### INFORMATION SHOWN

━━━━

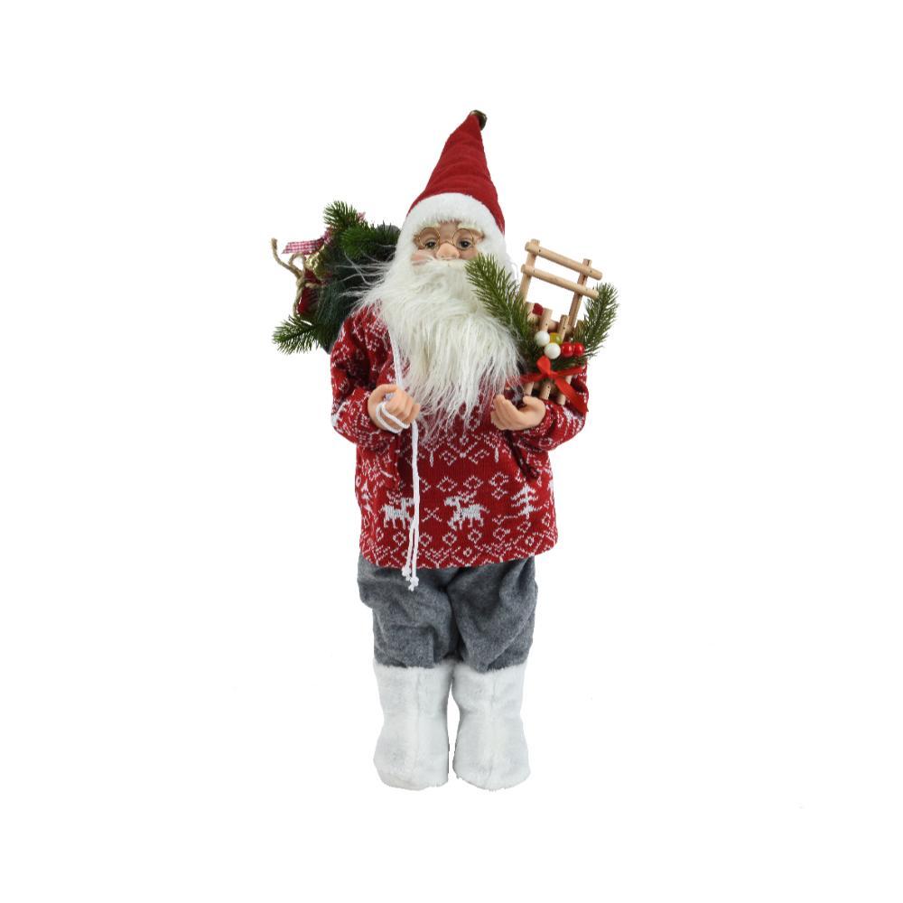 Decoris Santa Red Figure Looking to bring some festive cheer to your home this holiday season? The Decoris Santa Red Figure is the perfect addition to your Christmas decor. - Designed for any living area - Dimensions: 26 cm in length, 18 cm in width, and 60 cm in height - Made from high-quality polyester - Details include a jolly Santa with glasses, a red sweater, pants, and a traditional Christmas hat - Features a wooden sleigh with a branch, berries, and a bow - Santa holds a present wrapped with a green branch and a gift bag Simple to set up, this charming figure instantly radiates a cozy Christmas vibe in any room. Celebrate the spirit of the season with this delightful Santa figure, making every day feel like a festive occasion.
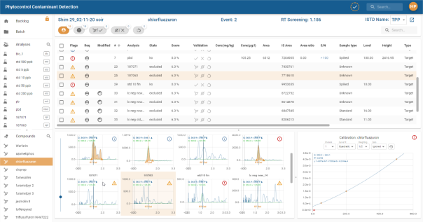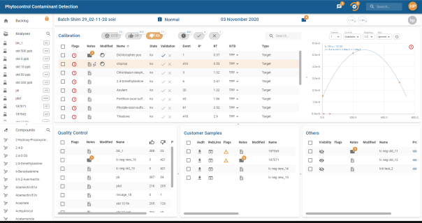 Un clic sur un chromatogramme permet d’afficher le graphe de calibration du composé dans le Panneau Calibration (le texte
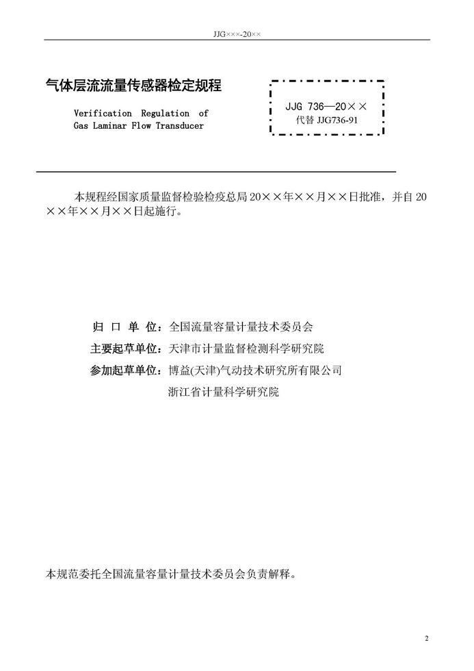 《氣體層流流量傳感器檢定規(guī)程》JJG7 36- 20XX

━━━━

### TO DO
Reproduce exactly the lines from the one with "Un clic sur" to the bottom of the listing, both ends included, and nothing else. Skip the pictures.

### WRITTEN SOLUTION
 Un clic sur un chromatogramme permet d’afficher le graphe de calibration du composé dans le Panneau Calibration (le texte
 《氣體層流流量傳感器檢定規(guī)程》JJG7 36- 20XX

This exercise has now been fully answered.